Briefly, I closed my eyes. Then I raised mine to his. And I got it. I got what I’d been waiting for all along.
His other hand moved to my forehead, lightly brushing my skin with his warm fingertips, before stroking my hair. “I’m sorry I made you worry.” My voice cracked. “I shouldn’t have left. I was angry at Kathryn, not you. But I knew I had to get back…”
Carlos leaned over me, the golden flecks from his brown eyes growing wider. “No one blames you, Grace. Accidents happen.”
I choked back tears. “In case you hadn’t noticed, they happen to me a little more often than most.”
Carlos chuckled but said nothing.
“It was stupid, I know.” I tried to sit up again but Carlos pressed back on my shoulder. “I shouldn’t have been running so fast. So far.”
His hand remained on my shoulder. Then it cupped my cheek. “Just promise me one thing.”
I thought he was going to kiss me. I wanted him to. Badly. More than anything. “What?” I held my breath.
Carlos edged closer, brushing his nose against my cheekbone, and my eyes closed as I visualized more than just his nose against my skin. “Grace,” he breathed against my cheek.
“I missed you,” I whispered, closing my eyes. “I missed the way you look at me.”
He buried his lips near my neck then reluctantly pulled back. “You’ve been in a coma, Grace.”

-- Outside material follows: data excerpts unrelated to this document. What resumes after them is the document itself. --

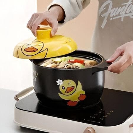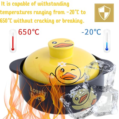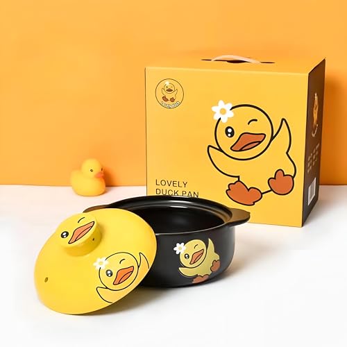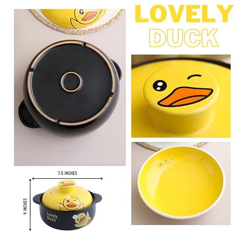 Generic - طاجن أصفر - قم بتحويل تجربة تناول الطعام الخاصة بك مع طاجن سيراميك أصفر كوري فاخر على شكل بطة كرتونية، مثالي للطبق الساخن، ودولسوت بيبيمباب، والحساء لـ2-3 أشخاص.
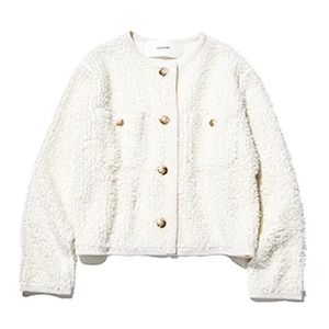 クラシカルな趣のツイード風のニットジャケットが、この時季に欠かせない新たな選択肢に。なぜなら、アウターとしてはもちろん、コートの中に仕込んでトップス風にふるまうことも可能だから。白のループニットの穏やかさと金ボタンの高貴な重みで、強さとやさしさを両立させて。
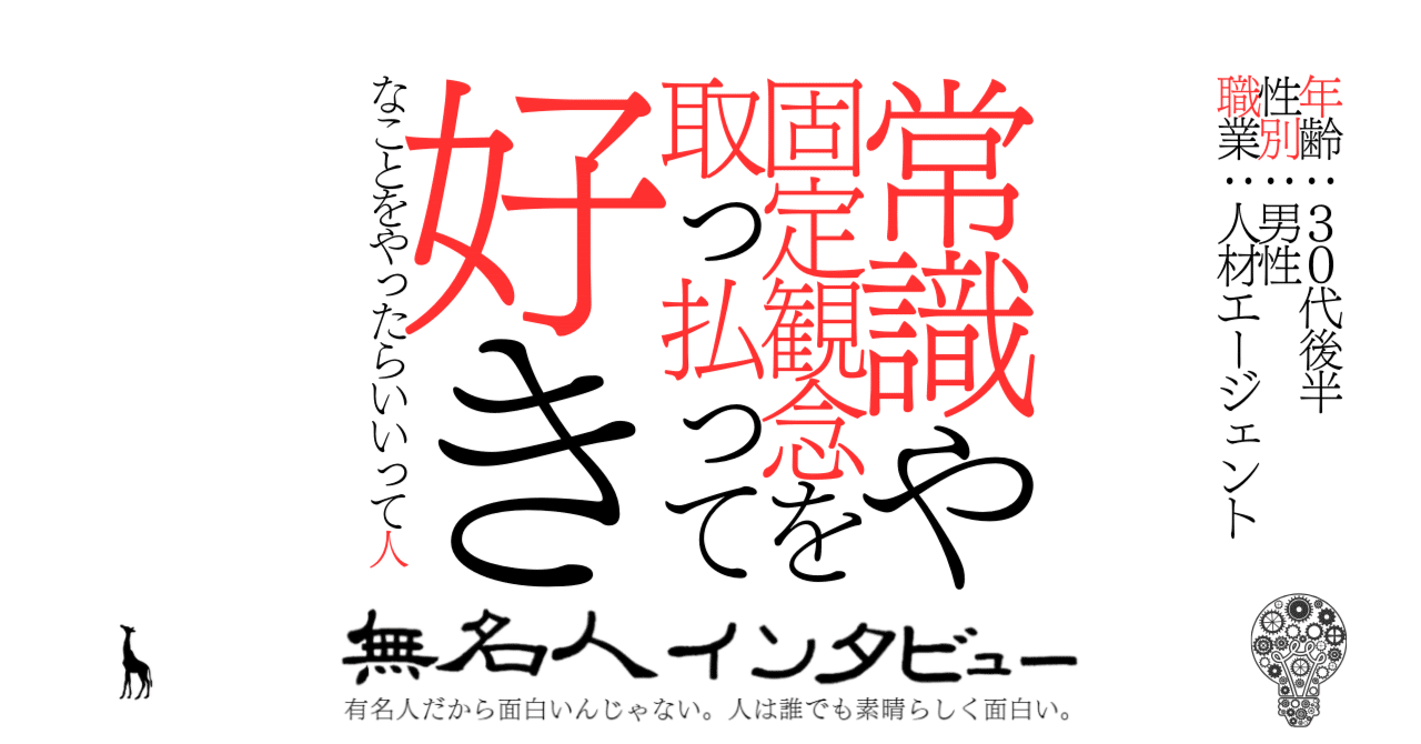「有名人だから面白いんじゃない。人は誰でも素晴らしく面白い」というコンセプトをもとに、どなたでもインタビューを実施しているメディアです。
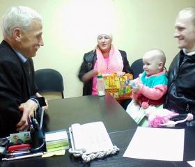Обратилась к депутату и многодетная семья Тищенко, состоящая из пяти человек, в которой воспитываются трое малолетних детей. Проживает эта многочисленная семья в одной комнате размером - 14,9 квадратных метров в четырехкомнатной коммунальной квартире. А в январе 2015 года ожидается рождение еще одного ребенка. Суть обращения - закрепление за многодетной семьей еще одной освободившейся комнаты в этой же квартире. Эту комнату С.В. Тищенко получил еще в 2008 г., будучи сиротой. На тот момент глава семейства не знал, что ему полагается отдельная квартира, поэтому согласился на комнату 14,9 квадратных метров. Когда узнал, что по закону ему полагалось отдельное жилье: было уже поздно, в органах власти пояснили, что статус «сироты» им уже исчерпан. Вот многодетная семья и ютится на 14,9 квадратных метрах. Поэтому освободившаяся вторая комната им очень нужна. Родители пришли на личный прием с младшей дочерью, которая за время приема успела подружиться с Виктором Петровичем.
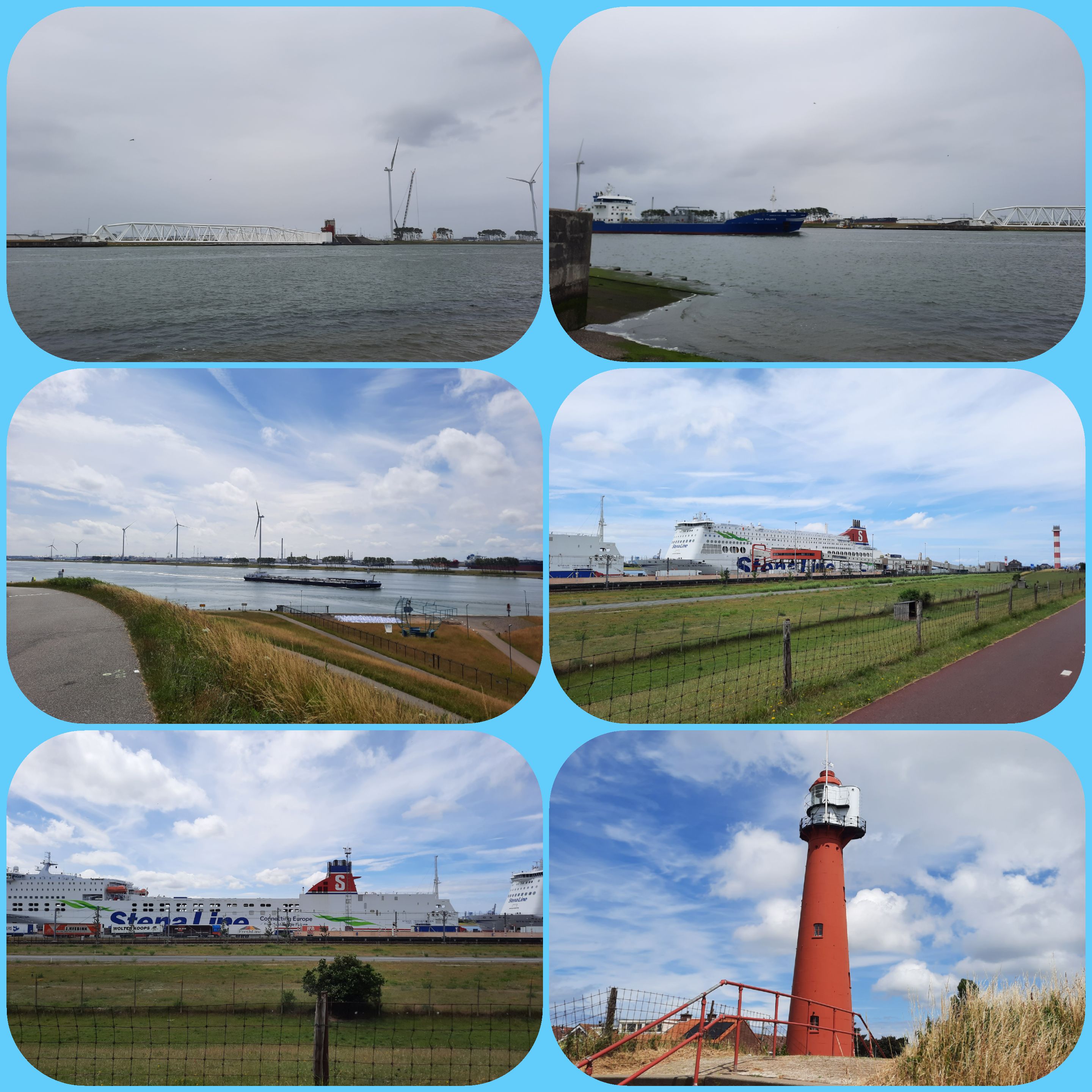 Na de rondleiding schijnt de zon weer en ik besluit door te fietsen naar Hoek van Holland. Lunchen in het zonnetje met zicht op de Nieuwe Waterweg: het kan slechter…

My head tilted toward him on the pillow. “Yes. And no.”
His eyes narrowed.
“I’ve had the world’s strangest dream.”
“So have I.”
My chin pulled back. “You, too?”
He chuckled softly, embarrassed. “I’ve been dreaming about you for weeks, now. Waiting for you to notice.”
I felt heat rush up my neck.
His eyes traveled over my face, as if he was trying to memorize it, bandages or not. “When I’m awake and when I’m asleep, I see you.”
“Me? Seriously?”
“You.”
“Oh,” I exhaled. “I’ve been thinking about you too. A lot.”
His face brightened with more relief.
I said it quickly, before anything else or anyone got in the way. “I love you, Carlos.”
Silent, he lifted my hand, his fingers still threaded through mine. Then he lowered his lips to the top of my hand and kissed my knuckles.